Rapidement, la portée de l'oeuvre s'impose: après nous avoir habitués à un univers rose bonbon fait de laque et de strass (univers au demeurant fort bien conçu, mais parfois superficiel), la chorégraphe Karine Ledoyen plonge enfin dans des zones plus sombres, à la recherche de cette étroite frontière unissant le visible et l'invisible.

En fait, on peut avancer sans trop risquer de se tromper que Ledoyen amorce avec cette plus récente production un tout nouveau cycle de création. Après des pièces plus ludiques comme Julio et Romette et les premières années de Osez, Cibler apparaît véritablement comme une oeuvre de maturité.

Maturité du propos, bien sûr, mais aussi maturité esthétique (scénographie de Geneviève Tremblay; éclairages sobres et pertinents de Denis Guérette; environnement sonore riche de Mathieu Doyon). À cet égard, certaines scènes — notamment la séquence d'ouverture où l'on voit le corps nu d'une interprète emprisonné par la laine (Véronique Jalbert) et libéré progressivement par le claquement de ciseaux d'une autre (Julie Belley) — démontrent la grande maîtrise de Ledoyen.
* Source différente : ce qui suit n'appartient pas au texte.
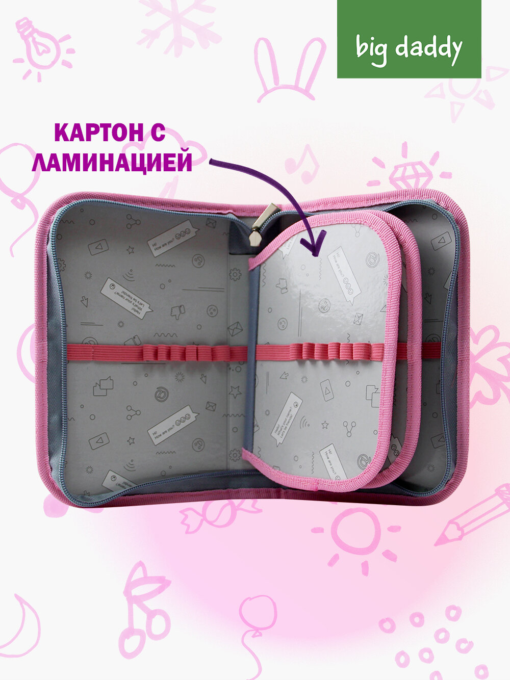 Пенал школьный BigDaddy, тканевый, три секции, два блока 14 см x 21 см x 4 см smart block "Девочка-любовь"

Il en va de même pour le langage chorégraphique plus audacieux et plus précis qu'auparavant. Appuyée par trois danseuses douées et une comédienne rompue à la pratique de la danse (Sophie Thibault), elle a su développer des partitions de mouvements couvrant un vaste registre d'intensités allant de la langueur sensuelle à des moments carrément explosifs (on remarque au passage Sonia Montminy, dont la présence en scène apporte énergie brute et qualité technique). Le soir de la première, quelques mouvements de groupe étaient encore un peu brouillons, une danseuse devant parfois en attendre une autre pour compléter l'enchaînement. Mais il ne s'agissait là que d'accrocs de départ que la pratique viendra gommer sous peu.